_WHAT TO WORK ON_:
Every record needs to be repeated exactly; its pictures do not.

_THE DATA_:

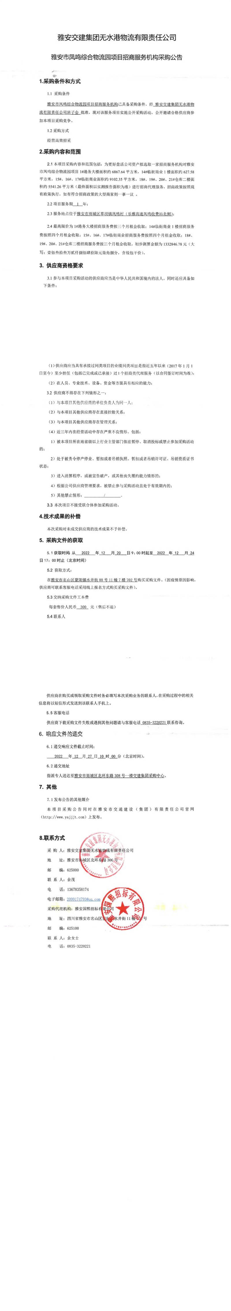 雅安交建集團(tuán)無水港物流有限責(zé)任公司雅安市鳳鳴綜合物流園項目招商服務(wù)機(jī)構(gòu)采購公告
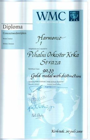 ♦ Svetovno glasbeno tekmovanje (WMC Kerkrade 2005), Kerkrade, Nizozemska; Zlata medalja s pohvalo v 1. kategoriji
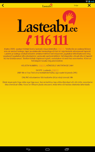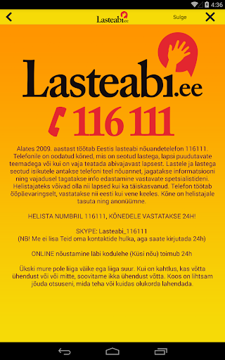Lasteabirakendus on tasuta rakendus, mis on mõeldud nii väikestele kui suurtele, kellel on soovi suhelda lihtsalt ja mugavalt meie nõustajaga läbi interneti. Nõustajad annavad nõuannet, jagavad tarvidusel informatsiooni ning tagavad vajadusel info edastamise vastava spetsialistini. Kirjutada või helistada saab meile ööpäevaringselt ja tasuta. Lasteabirakenduses leiab ka erinevat infot, vastused üldlevinud küsimustele ning vaadata saab ka erinevaid videoid ning multikaid.
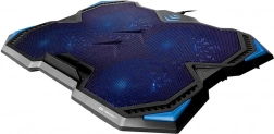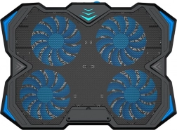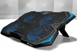 Wydajne i ciche wentylatory: Podkładka jest wyposażona w cztery ciche wentylatory 140 mm, które mogą osiągać prędkość do 1000 obrotów na minutę, zapewniając efektywne chłodzenie urządzenia. Niebieskie podświetlenie LED nadaje podkładce futurystyczny wygląd.
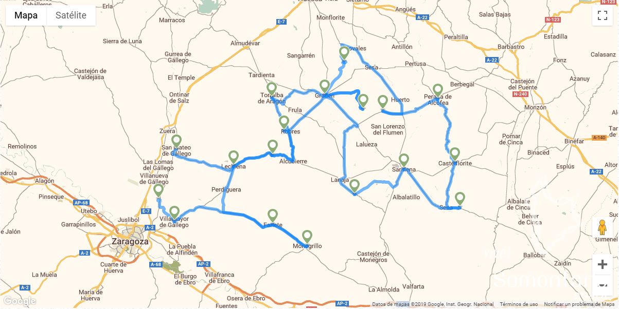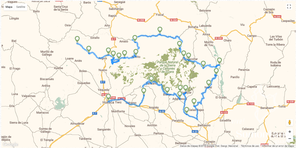 - Départ de Huesca: Huesca - Ibieca - Panzano - Bierge - Adahuesca - Radiquero - Alquézar - Pozán de Vero - Salas Altas y Salas Bajas - Naval - Abizanda - Ligüerre de Cinca - Olsón - Paules de Sarsa - Sarsa de Surta - Las Bellostas - Laguarta - Lasaosa - Nocito - Lúsera - Embalse de Santa María de Belsué - Belsué - Arguís y Túnel de Manzanera - Bentué de Rasal - Rasal.
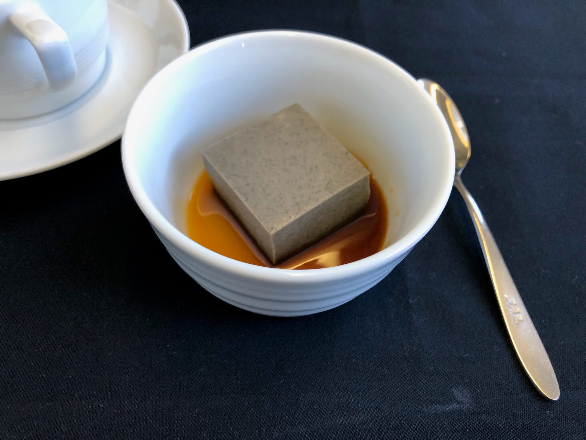 朝食も和食です。このご飯は国内線ファーストクラスでも見たことがあります。俵おにぎり(みたいなもの)が竹の子の皮を模した紙で包んであります。この方が効率がいいんだろうなって思います。
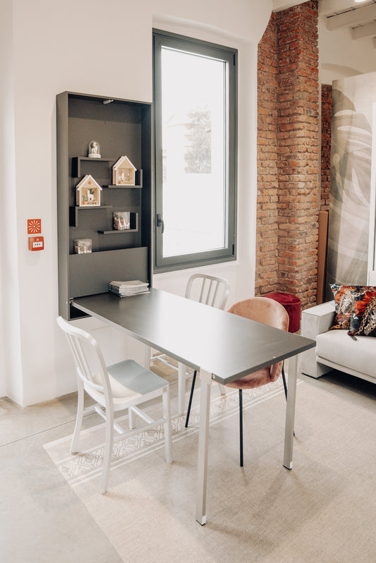 Clei, tavolo consolle e scrivania a muro Wally laccata grigio antracite con schienali magnetici
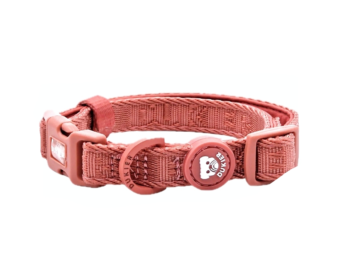 Állítható, kényelmes nyakörv a DUKIER spanyol márkától. Puha neoprén bélésének köszönhetően nem dörzsöli a kutyák nyakát. Széles skálán állítható így tökéletesen illeszkedik. A csattja 4 pontos biztonsági zárrendszerrel van ellátva, így extra védelmet nyújt használat közben. Mosógépben mosható 30 fokon!
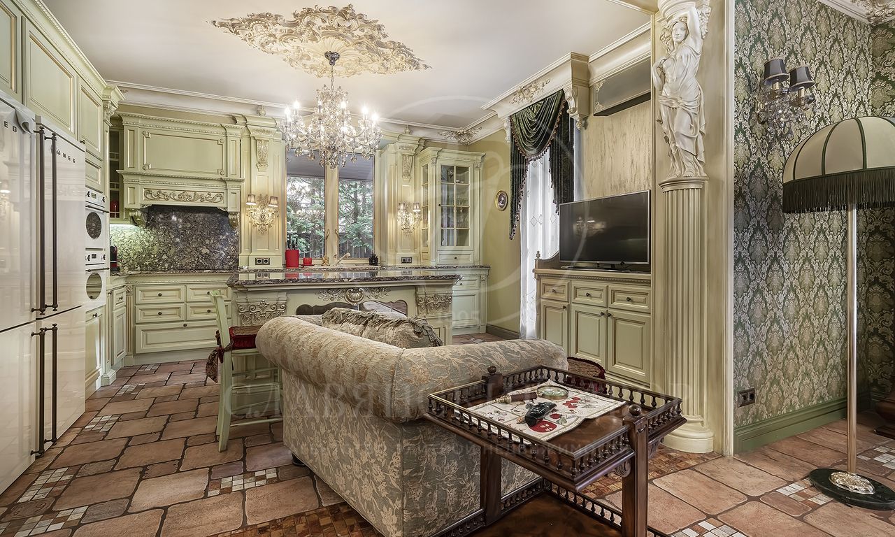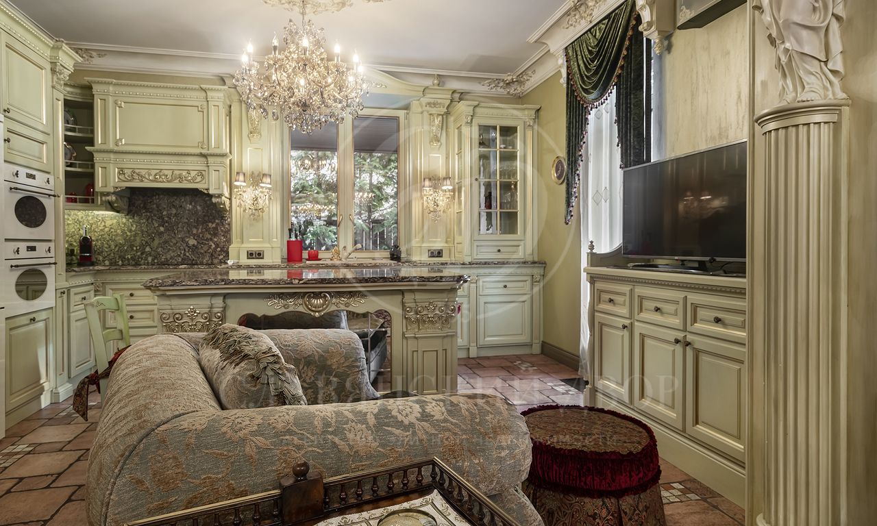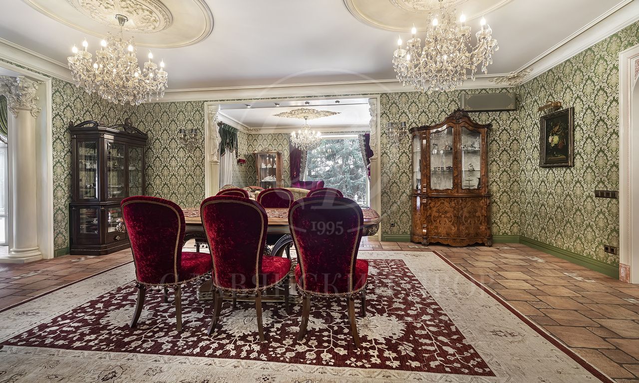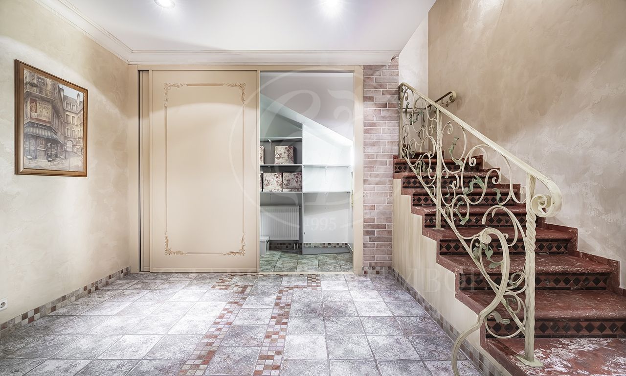 Цокольный этаж: вторая кухня, гардеробная для сезонных вещей, кладовка, 1 спальня, большой зал, кухня, с\у, отдельный вход для персонала.
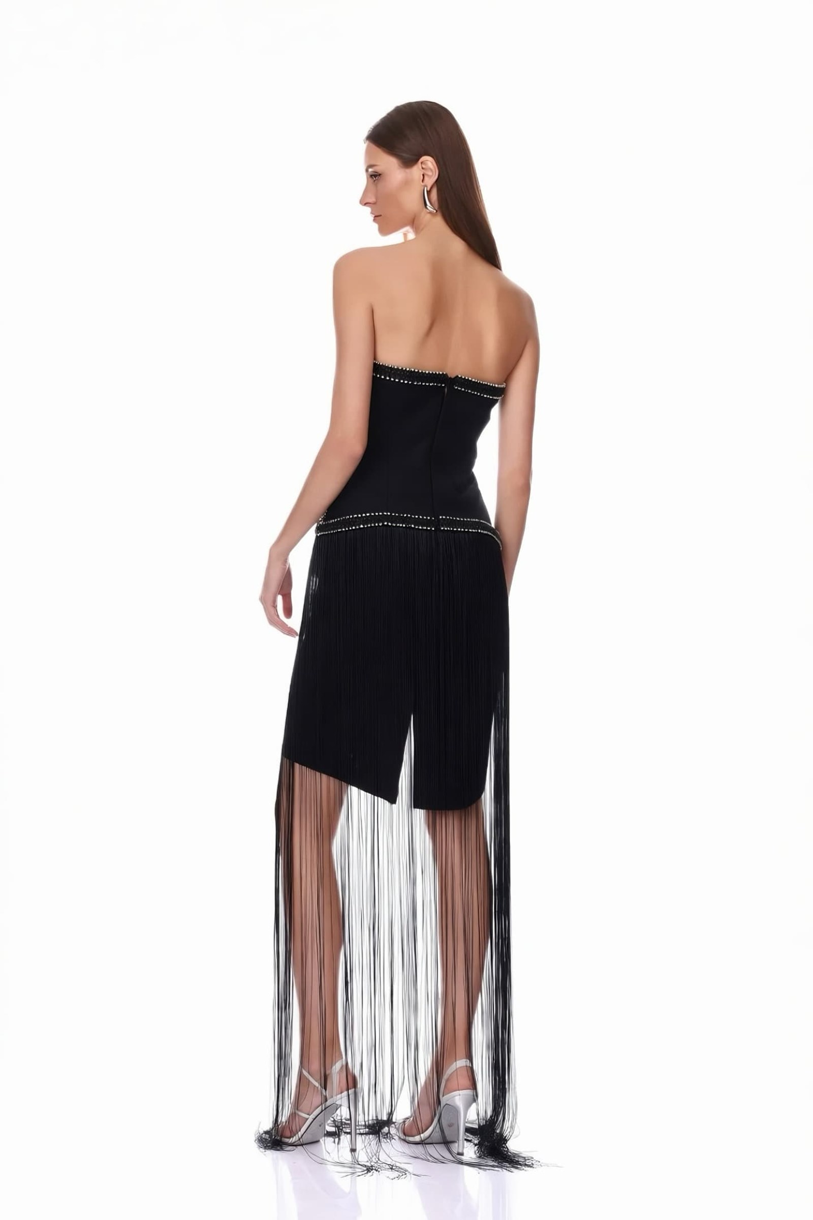 • Siyah Uzun Püsküllü Straplez Abiye Elbise
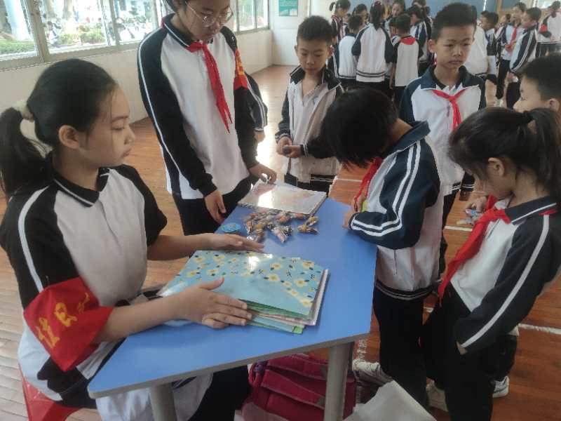 這天上午,在大隊部的組織下,培教小學“微笑商店”如期開業。大隊委們充當起售貨員,準備好各式各樣的禮品,等待著同學們的到來。同學們帶著自己積攢已久的微笑幣,爭先恐后地排著隊伍,兌換自己想要的禮物:便利貼、文件袋、眼罩等等,有的精美,有的實用。現場活動秩序良好,同學們都兌換到了自己心儀的禮物,他們臉上洋溢的微笑就是最好的證明。
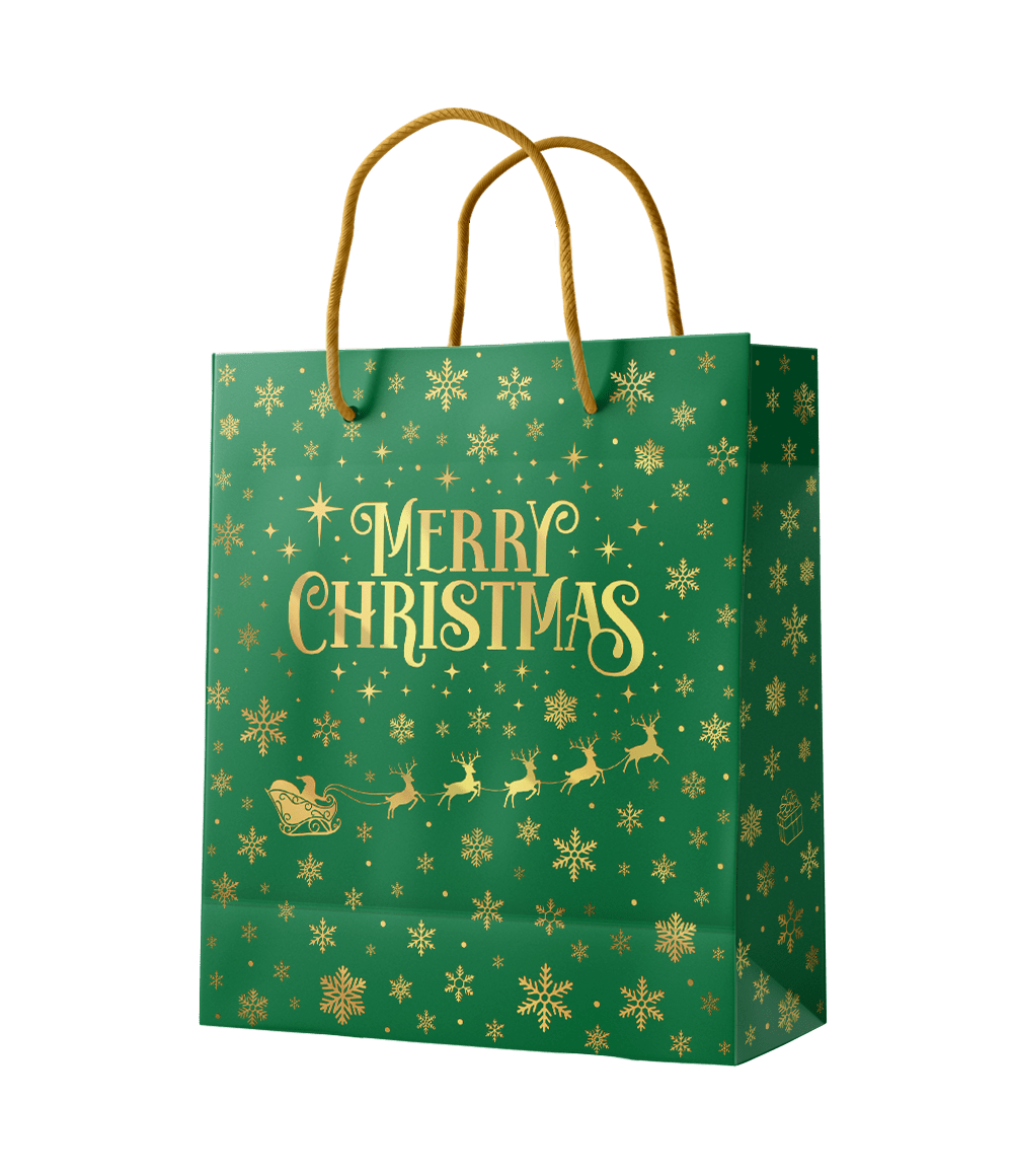 Giv dine julegaver et festligt præg med denne grønne gavepose Merry Christmasmed guldtryk og muntre julemotiver som rensdyr, snefnug og teksten Merry Christmas. Ideel til stilfuld indpakning af små gaver, godbidder eller overraskelser i juletiden
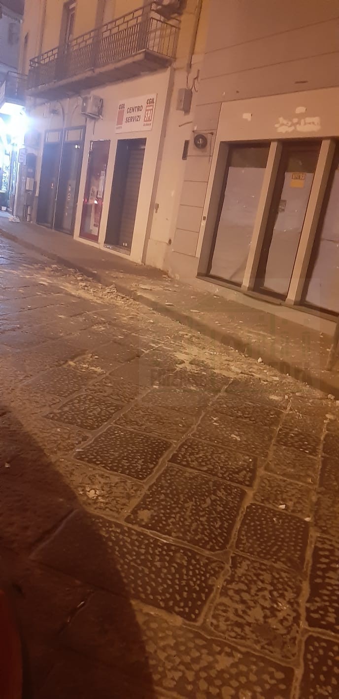I calcinacci, peraltro, sono prima finiti sul balcone e poi sono rimbalzati in strada. Nonostante si sia aperto uno squarcio evidente al primo piano dell’edificio, dunque, non ci sono gravi conseguenze.
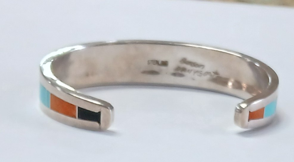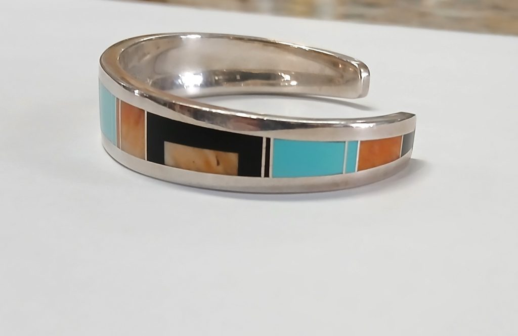 Sterling Silver Navajo Signed Inlay-Coral-Onyx And Coral Cuff Bracelet Sterling Silver Navajo Signed Inlay-Coral-Onyx And Coral Cuff Bracelet NON Tarnished. Price $325.00 Additional Pictures Product Location Location Jackson Store Other related products: Silver 5 Banded Cuff $275.00 Location: Jackson Store Vintage Rare D & E Juliana Brooch And Clip Earring Set$125.00 Location: Jackson Store Vintage Blue Lava Glass Necklace And Clip Earrings Set $110.00 Location: Jackson Store 1960’s Egyptian Revival Blue Scarab Filigree Necklace $50.00 Location: Jackson Store Vintage 900 Silver Agate Gemstone Cannetille Design Panel Link Bracelet$100.00 Location: Jackson Store << back to the catalog

_SOLUTION_:
 雅安交建集團(tuán)無水港物流有限責(zé)任公司雅安市鳳鳴綜合物流園項目招商服務(wù)機(jī)構(gòu)采購公告
 ♦ Svetovno glasbeno tekmovanje (WMC Kerkrade 2005), Kerkrade, Nizozemska; Zlata medalja s pohvalo v 1. kategoriji
Lasteabirakendus on tasuta rakendus, mis on mõeldud nii väikestele kui suurtele, kellel on soovi suhelda lihtsalt ja mugavalt meie nõustajaga läbi interneti. Nõustajad annavad nõuannet, jagavad tarvidusel informatsiooni ning tagavad vajadusel info edastamise vastava spetsialistini. Kirjutada või helistada saab meile ööpäevaringselt ja tasuta. Lasteabirakenduses leiab ka erinevat infot, vastused üldlevinud küsimustele ning vaadata saab ka erinevaid videoid ning multikaid.
 Wydajne i ciche wentylatory: Podkładka jest wyposażona w cztery ciche wentylatory 140 mm, które mogą osiągać prędkość do 1000 obrotów na minutę, zapewniając efektywne chłodzenie urządzenia. Niebieskie podświetlenie LED nadaje podkładce futurystyczny wygląd.
 - Départ de Huesca: Huesca - Ibieca - Panzano - Bierge - Adahuesca - Radiquero - Alquézar - Pozán de Vero - Salas Altas y Salas Bajas - Naval - Abizanda - Ligüerre de Cinca - Olsón - Paules de Sarsa - Sarsa de Surta - Las Bellostas - Laguarta - Lasaosa - Nocito - Lúsera - Embalse de Santa María de Belsué - Belsué - Arguís y Túnel de Manzanera - Bentué de Rasal - Rasal.
 朝食も和食です。このご飯は国内線ファーストクラスでも見たことがあります。俵おにぎり(みたいなもの)が竹の子の皮を模した紙で包んであります。この方が効率がいいんだろうなって思います。
 Clei, tavolo consolle e scrivania a muro Wally laccata grigio antracite con schienali magnetici
 Állítható, kényelmes nyakörv a DUKIER spanyol márkától. Puha neoprén bélésének köszönhetően nem dörzsöli a kutyák nyakát. Széles skálán állítható így tökéletesen illeszkedik. A csattja 4 pontos biztonsági zárrendszerrel van ellátva, így extra védelmet nyújt használat közben. Mosógépben mosható 30 fokon!
 Цокольный этаж: вторая кухня, гардеробная для сезонных вещей, кладовка, 1 спальня, большой зал, кухня, с\у, отдельный вход для персонала.
 • Siyah Uzun Püsküllü Straplez Abiye Elbise
 這天上午,在大隊部的組織下,培教小學“微笑商店”如期開業。大隊委們充當起售貨員,準備好各式各樣的禮品,等待著同學們的到來。同學們帶著自己積攢已久的微笑幣,爭先恐后地排著隊伍,兌換自己想要的禮物:便利貼、文件袋、眼罩等等,有的精美,有的實用。現場活動秩序良好,同學們都兌換到了自己心儀的禮物,他們臉上洋溢的微笑就是最好的證明。
 Giv dine julegaver et festligt præg med denne grønne gavepose Merry Christmasmed guldtryk og muntre julemotiver som rensdyr, snefnug og teksten Merry Christmas. Ideel til stilfuld indpakning af små gaver, godbidder eller overraskelser i juletiden
I calcinacci, peraltro, sono prima finiti sul balcone e poi sono rimbalzati in strada. Nonostante si sia aperto uno squarcio evidente al primo piano dell’edificio, dunque, non ci sono gravi conseguenze.
 Sterling Silver Navajo Signed Inlay-Coral-Onyx And Coral Cuff Bracelet Sterling Silver Navajo Signed Inlay-Coral-Onyx And Coral Cuff Bracelet NON Tarnished. Price $325.00 Additional Pictures Product Location Location Jackson Store Other related products: Silver 5 Banded Cuff $275.00 Location: Jackson Store Vintage Rare D & E Juliana Brooch And Clip Earring Set$125.00 Location: Jackson Store Vintage Blue Lava Glass Necklace And Clip Earrings Set $110.00 Location: Jackson Store 1960’s Egyptian Revival Blue Scarab Filigree Necklace $50.00 Location: Jackson Store Vintage 900 Silver Agate Gemstone Cannetille Design Panel Link Bracelet$100.00 Location: Jackson Store << back to the catalog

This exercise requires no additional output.